Carbon Americans vs. Ethanol Americans


I side with the folks who power our world.
Jerry Bowyer

Do carbon limits make good presidential politics?

I debated this question with John McIntire, the founder of the excellent RealClearPolitics website, on Larry Kudlow’s radio program last Saturday. McIntire says John McCain can use the issue to get moderate environmentalists to swing his way and thereby, on balance, pick up more votes.

I don’t think so. Whenever I hear about carbon limits I can’t help but think about all those swing voters who live on top of coal deposits. I’m one of them. (And yes, I really am a swing voter.) Every time we’ve purchased a house we’ve had to sign a mine-subsidence waiver. They’re very common in
western Pennsylvania. If some old coal mine suddenly collapses and sucks our house down with it, we’re out of luck. We take the loss.

And it’s not just the coal under our feet.
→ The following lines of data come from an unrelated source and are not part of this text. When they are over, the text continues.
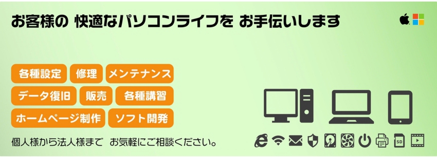 お困りではありませんか? パソコンの事なら何でもご相談下さい。 ○購入したけど操作できない ○初期設定ができない ○インターネットに接続できない ○無線LAN(Wi-Fi、ワイヤレス)接続ができない ○パソコンが壊れた? ○ウイルスに感染した? ○リカバリできない ○パソコンが起動しない ○エラーメッセージが出る ○ソフト・周辺機器のセットアップができない ○印刷できない ○DVDが書き込めない ○データを復旧したい ○デジカメのデータが消えた? ○データを移したい ○アップグレードをしたい
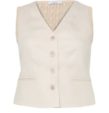 Reveal Max Mara's tailored waistcoat and Bermuda shorts suit, a modern ensemble featuring a short, collarless, and sleeveless silhouette. Button fastening and two front pockets add refined practicality. The crisp tailoring and versatile design make this set ideal for both polished daytime looks and elevated evening occasions.
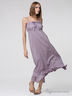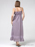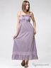 Летний длинный сарафан слегка расклешенного кроя. Выполнен из гладкого, приятного на ощупь материала. На тонких бретельках, отрезной топ, полочка украшена тесьмой в тон изделию, завышенная талия. Низ украшен воланами.
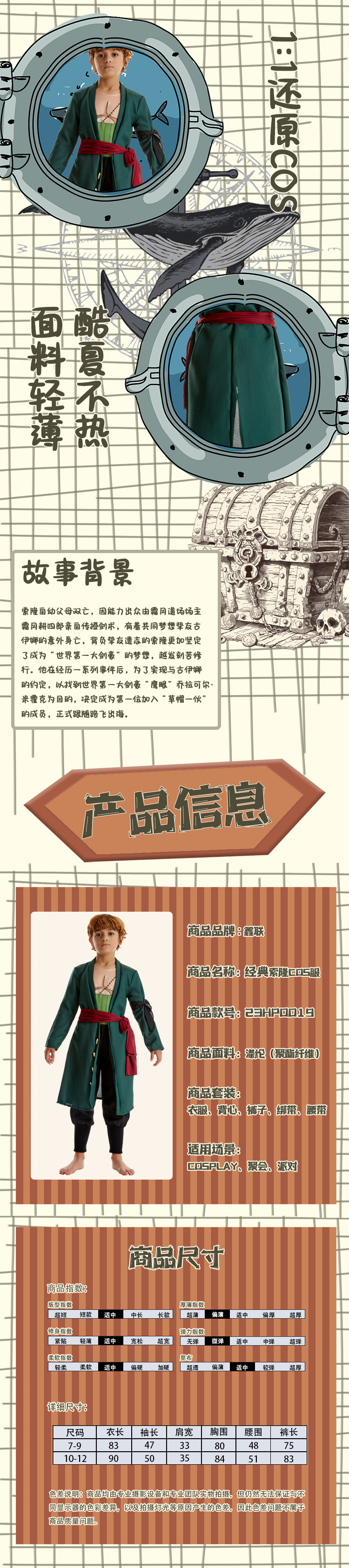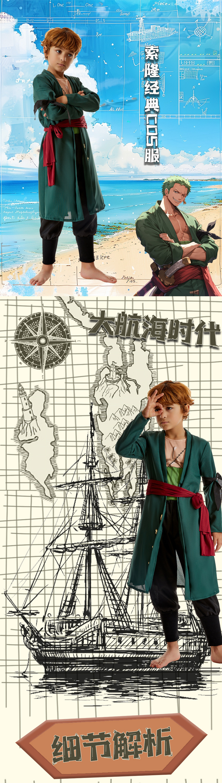 원피스 Suolongzoro cos 세트 클래식 어린이 남성 애니메이션 코스프레 세트 C 세트 조로스토어 가기
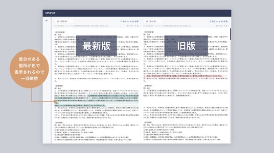 MNTSQ株式会社(本社:東京都中央区、代表取締役:板谷 隆平、以下「当社」)は、当社サービスである「MNTSQ CLM(モンテスキュー シーエルエム)」内にて、複数契約書データ間の「差分比較」機能をリリースしました。交渉のやりとりの中で多数回の変更・修正が入る契約書について、前バージョンなどとの差分を一目で特定でき、業務の負担を大幅に低減します。
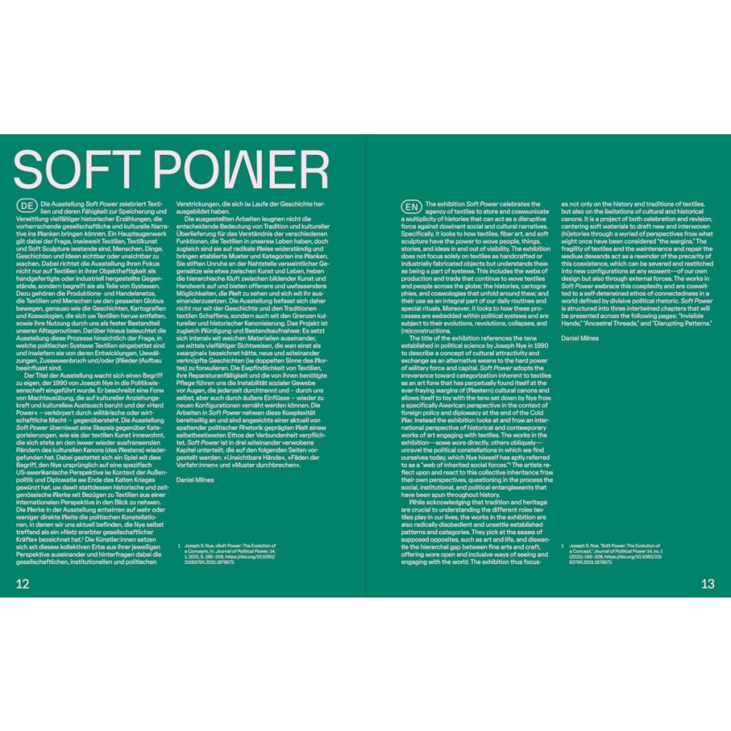 Soft Power zelebriert Textilien und ihre Fähigkeit, eine Vielzahl von Geschichten in sich zu tragen, die gegen dominierende soziale und kulturelle Narrative wirken. Die politischen 'Verstrickungen' von Textilkunst zeigen, wie sie imstande ist, Menschen, Dinge, Geschichten und Ideen sichtbar oder unsichtbar zu machen. Soft Power richtet den Fokus nicht nur auf Textilien als handgefertigte oder industriell hergestellte Objekte, sondern begreift sie als Teil von Systemen. Dazu gehören die Produktions- und Handelsnetze, die Textilien und Menschen über den gesamten Globus verknüpfen, genauso wie die Geschichten, Kartografien, Kosmologien und Rituale, die sich um sie herum entfalten. Mit Arbeiten von Magdalena Abakanowicz, Caroline Achaintre, El Anatsui, Leonor Antunes, Rufina Bazlova, Edith Dekyndt, Gee's Bend Quiltmakers, William Kentridge, Joanna Louca, Rosemary Mayer, Mägorzata Mirga-Tas, Sandra Mujinga, Otobong Nkanga, Willem de Rooij, Gabriele Stötzer, Sung Tieu, Rosemarie Trockel, Johanna Unzueta, Hamid Zénati u. a.
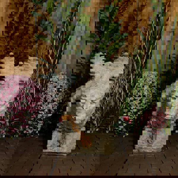 Add a touch of gothic mystery and mythical charm to your outdoor space with the Large Stone Gargoyle on Ball Statue. This intricately crafted cast stone sculpture features a powerful gargoyle perched atop a smooth stone sphere, exuding a commanding presence with its fierce expression, muscular form, and detailed wings. Traditionally believed to ward off evil spirits and offer protection, this statue is both a decorative masterpiece and a symbol of strength. Crafted from high-quality, weather-resistant stone, this gargoyle is designed to withstand the elements, making it a perfect addition to gardens, patios, or entranceways. Whether standing alone as a striking focal point or paired with other gothic-inspired décor, this statue brings an aura of mystery and legend to any setting.
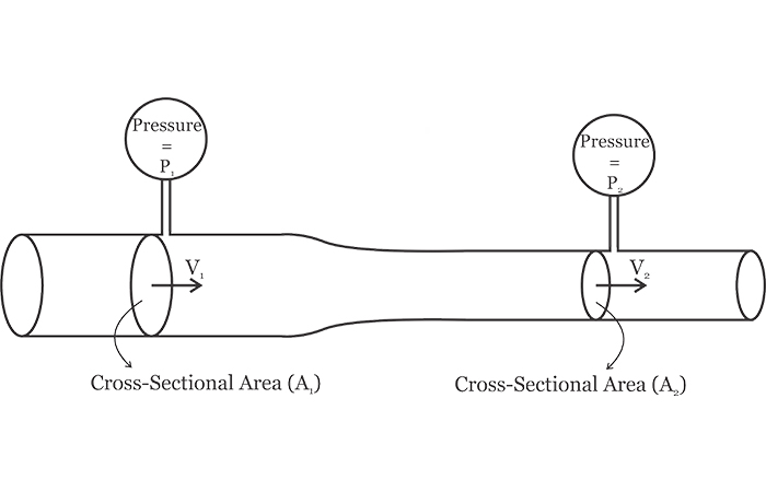 根據(jù)質(zhì)量守恒定律,質(zhì)量既不能創(chuàng)造也不能破壞。經(jīng)典力學(xué)中的這一原理以及有關(guān)流體流動(dòng)的一些假設(shè)可以幫助我們將流體通過的橫截面積(A)與流體速度(V)相關(guān)聯(lián)?紤]流體通過橫截面變化的管道的穩(wěn)定流動(dòng),如圖2所示。

It’s all the stuff that goes along with it. Coal, like other energy sources, is a “master commodity.” We use it and oil to produce the energy that will transform other commodities into products. In order to turn bauxite into aluminum, you need energy. In order to turn iron ore into steel, you need energy. So the steel’s made where the coal is, and in many cases the aluminum’s made there, too. And because these products are heavy, that’s where the railroads are, and the barges, locks, and damns.

Heavy industries cluster together, and they very often do so on the parts of the earth’s surface that cover huge deposits of carbon. The masses of Irish, Italian, and Slavic immigrants who swarmed to these patches of earth, either to dig, refine, or employ the energy below ground, are what I call Carbon Americans. They work very hard with their hands for all the rest of us.

Our church in (bitter, gun-and-God-clinging) McKeesport has an undercroft that was hand-dug by the coal miners who helped found the church. These original Carbon Americans used shovels. But today quite a few Carbon Americans use drills, harvesting carbon in liquid form (oil) or gaseous form (natural gas). Some Carbon Americans make a living switching carbon products from one form to another, for instance from solid coal to a liquid, pumpable fuel. Carbon Americans power our world.

The Ethanol Americans are a different breed. For these folks energy just “is.” They don’t know much about where it comes from. They don’t know anyone who digs it and they don’t see barges full of it chugging up and down their rivers.

With the exception of the giant agri-business managers who run the farms that produce the precursor grains to make the ethanol, most Ethanol Americans live on the coasts and work in clean, well-lighted offices where they read and write documents. They are venture capitalists who invest in alternative fuels. They are government planners who subsidize the venture capitalists. They are non-profit and foundation executives who fund the pro-ethanol propaganda efforts. They are the media workers who propagate the propaganda. These people are in power in our world.

The whole carbon debate takes place well above my level of scientific knowledge. I simply don’t know whether or not global warming is caused by humans. If it is, I don’t know the solutions. None of us do with any certainty.

I just want the powers that be who want to push carbon into the ground and food into our gas tanks to be clear about who in the short-run they’re helping and who they’re hurting. Carbon Americans are no small potatoes.

— Jerry Bowyer is the chief economist of Benchmark Financial Network.